What you will do: In the listing below, find the line containing "बंगाल मिरर, कोलकाता: पश्चिम" and the line containing "Dogecoin is up". Repeat exactly those two lines and every line between them.

Information:
==*==

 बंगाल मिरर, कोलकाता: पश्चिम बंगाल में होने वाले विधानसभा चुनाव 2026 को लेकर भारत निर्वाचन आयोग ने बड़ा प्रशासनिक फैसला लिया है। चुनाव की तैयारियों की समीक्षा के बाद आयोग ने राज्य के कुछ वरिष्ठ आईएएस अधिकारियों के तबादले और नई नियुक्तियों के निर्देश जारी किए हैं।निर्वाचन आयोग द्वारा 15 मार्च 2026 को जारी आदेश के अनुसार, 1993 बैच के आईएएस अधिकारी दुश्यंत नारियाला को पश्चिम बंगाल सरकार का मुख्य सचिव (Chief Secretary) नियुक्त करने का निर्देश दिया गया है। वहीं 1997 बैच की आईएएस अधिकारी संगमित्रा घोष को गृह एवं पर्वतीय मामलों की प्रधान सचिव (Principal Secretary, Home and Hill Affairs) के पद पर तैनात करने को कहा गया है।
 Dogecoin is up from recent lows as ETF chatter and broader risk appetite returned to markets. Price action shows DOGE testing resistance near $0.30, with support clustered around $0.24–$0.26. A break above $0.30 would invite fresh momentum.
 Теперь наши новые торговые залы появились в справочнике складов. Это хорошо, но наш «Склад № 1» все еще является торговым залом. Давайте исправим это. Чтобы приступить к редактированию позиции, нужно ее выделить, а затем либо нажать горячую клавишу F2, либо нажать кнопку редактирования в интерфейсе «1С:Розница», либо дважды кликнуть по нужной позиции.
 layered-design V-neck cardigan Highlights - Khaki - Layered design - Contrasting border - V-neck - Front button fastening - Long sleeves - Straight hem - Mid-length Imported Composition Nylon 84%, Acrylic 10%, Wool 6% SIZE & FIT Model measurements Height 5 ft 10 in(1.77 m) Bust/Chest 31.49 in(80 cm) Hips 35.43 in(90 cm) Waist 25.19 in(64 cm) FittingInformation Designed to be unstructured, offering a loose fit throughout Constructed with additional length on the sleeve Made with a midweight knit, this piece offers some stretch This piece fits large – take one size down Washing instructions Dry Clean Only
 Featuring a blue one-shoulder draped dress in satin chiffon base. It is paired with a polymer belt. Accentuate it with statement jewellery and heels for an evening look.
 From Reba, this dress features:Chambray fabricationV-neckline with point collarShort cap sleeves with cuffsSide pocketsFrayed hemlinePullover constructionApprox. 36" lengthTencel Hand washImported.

==*==

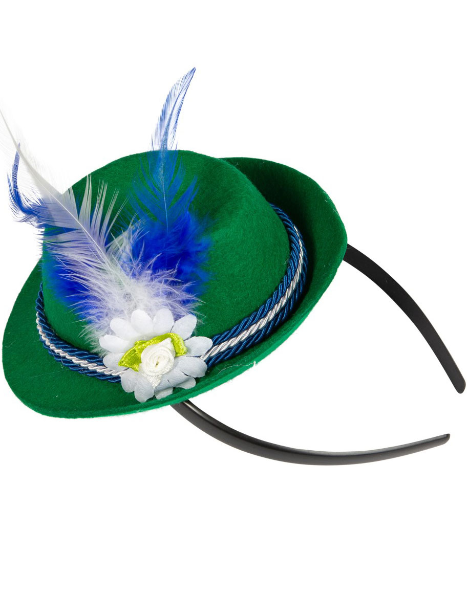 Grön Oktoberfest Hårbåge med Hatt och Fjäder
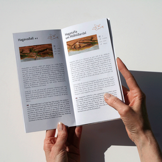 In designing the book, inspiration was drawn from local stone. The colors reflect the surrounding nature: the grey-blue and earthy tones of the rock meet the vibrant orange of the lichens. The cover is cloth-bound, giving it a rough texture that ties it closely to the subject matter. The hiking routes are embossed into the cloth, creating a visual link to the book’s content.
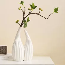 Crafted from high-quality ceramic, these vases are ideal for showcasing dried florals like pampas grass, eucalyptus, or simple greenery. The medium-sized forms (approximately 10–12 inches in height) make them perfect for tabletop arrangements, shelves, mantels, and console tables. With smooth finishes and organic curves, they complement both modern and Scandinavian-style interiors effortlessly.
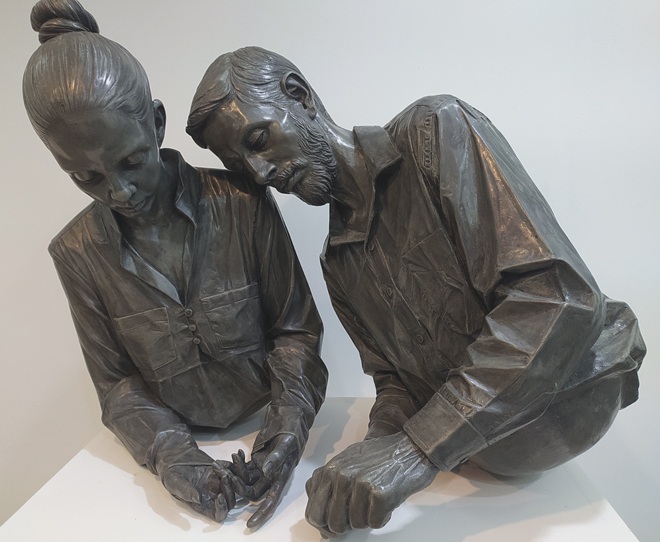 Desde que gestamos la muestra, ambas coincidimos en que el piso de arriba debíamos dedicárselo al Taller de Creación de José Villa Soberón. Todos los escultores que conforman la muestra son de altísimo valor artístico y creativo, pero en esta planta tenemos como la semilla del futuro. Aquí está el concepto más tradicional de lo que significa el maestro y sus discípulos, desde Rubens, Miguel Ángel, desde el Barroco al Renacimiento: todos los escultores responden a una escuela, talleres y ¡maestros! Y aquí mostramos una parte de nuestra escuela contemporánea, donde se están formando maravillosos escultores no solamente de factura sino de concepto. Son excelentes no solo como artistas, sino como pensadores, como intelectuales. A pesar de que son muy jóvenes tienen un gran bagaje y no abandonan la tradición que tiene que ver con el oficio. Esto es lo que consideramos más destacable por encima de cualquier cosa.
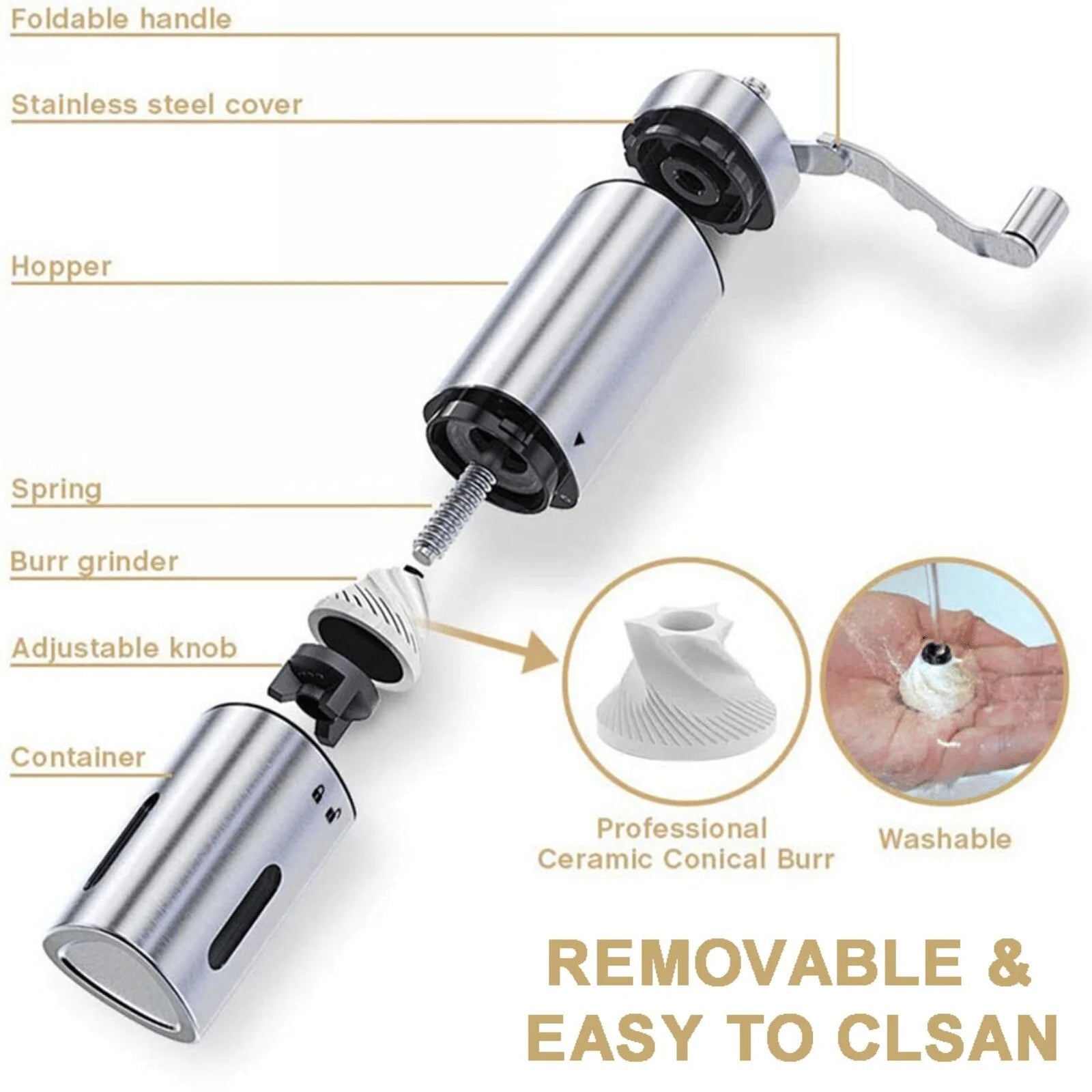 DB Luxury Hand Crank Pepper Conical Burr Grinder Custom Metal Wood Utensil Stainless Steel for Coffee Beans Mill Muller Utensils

==*==

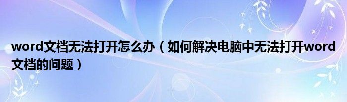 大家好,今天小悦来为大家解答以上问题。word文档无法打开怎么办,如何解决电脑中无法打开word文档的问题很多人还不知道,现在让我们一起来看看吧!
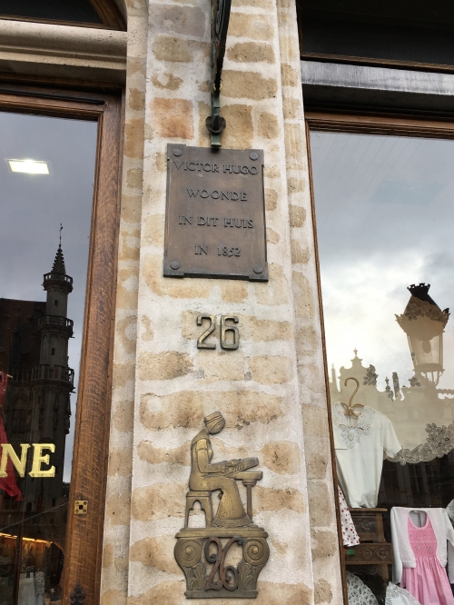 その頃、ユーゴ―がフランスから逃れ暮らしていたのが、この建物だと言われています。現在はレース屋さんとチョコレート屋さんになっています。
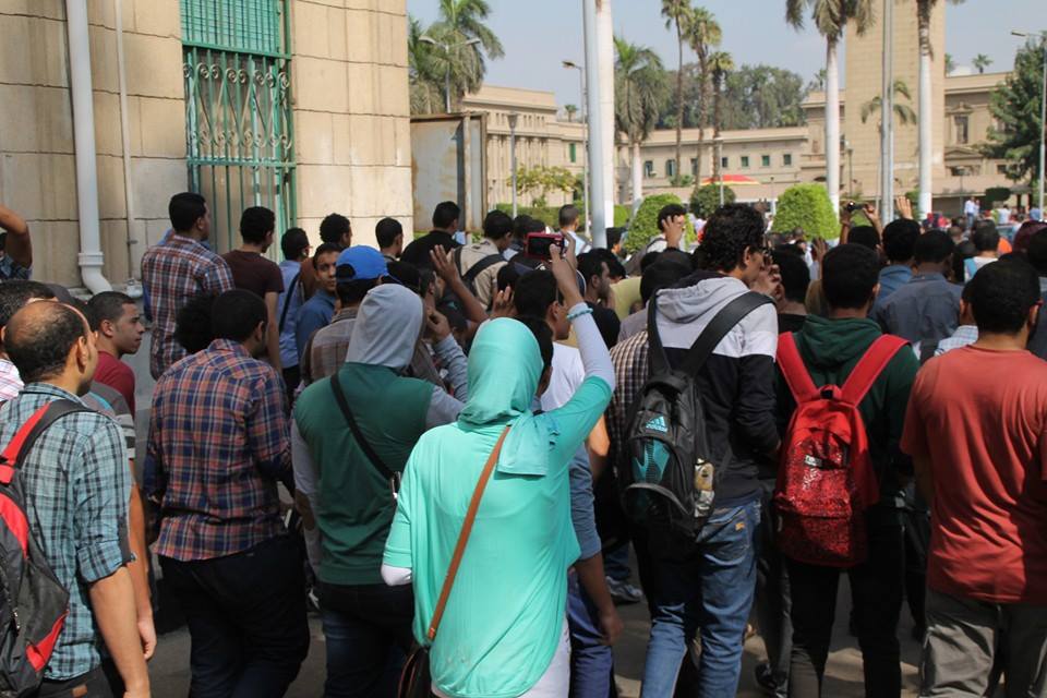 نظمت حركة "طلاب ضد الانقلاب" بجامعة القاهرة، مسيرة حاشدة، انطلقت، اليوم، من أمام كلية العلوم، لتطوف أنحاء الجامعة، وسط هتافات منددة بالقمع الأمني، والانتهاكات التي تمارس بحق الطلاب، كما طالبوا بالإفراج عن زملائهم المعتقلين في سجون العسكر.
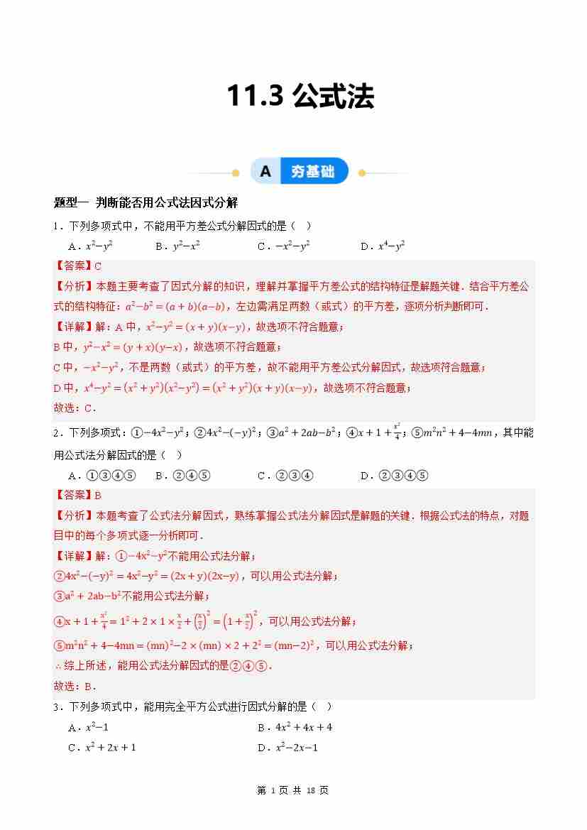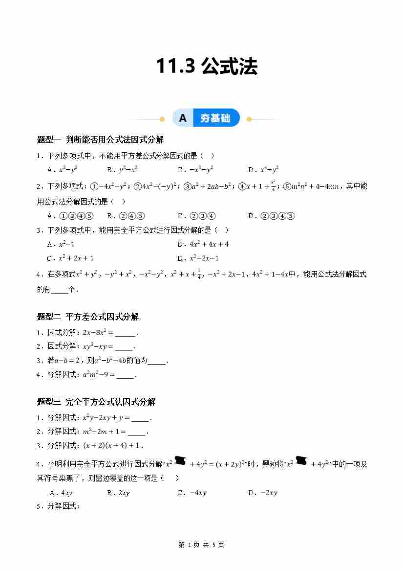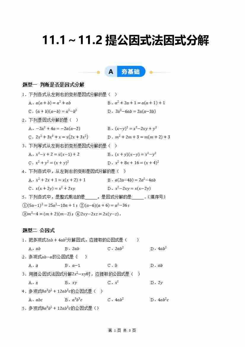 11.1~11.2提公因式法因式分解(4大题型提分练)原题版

==*==

Solution for this exercise:
 बंगाल मिरर, कोलकाता: पश्चिम बंगाल में होने वाले विधानसभा चुनाव 2026 को लेकर भारत निर्वाचन आयोग ने बड़ा प्रशासनिक फैसला लिया है। चुनाव की तैयारियों की समीक्षा के बाद आयोग ने राज्य के कुछ वरिष्ठ आईएएस अधिकारियों के तबादले और नई नियुक्तियों के निर्देश जारी किए हैं।निर्वाचन आयोग द्वारा 15 मार्च 2026 को जारी आदेश के अनुसार, 1993 बैच के आईएएस अधिकारी दुश्यंत नारियाला को पश्चिम बंगाल सरकार का मुख्य सचिव (Chief Secretary) नियुक्त करने का निर्देश दिया गया है। वहीं 1997 बैच की आईएएस अधिकारी संगमित्रा घोष को गृह एवं पर्वतीय मामलों की प्रधान सचिव (Principal Secretary, Home and Hill Affairs) के पद पर तैनात करने को कहा गया है।
 Dogecoin is up from recent lows as ETF chatter and broader risk appetite returned to markets. Price action shows DOGE testing resistance near $0.30, with support clustered around $0.24–$0.26. A break above $0.30 would invite fresh momentum.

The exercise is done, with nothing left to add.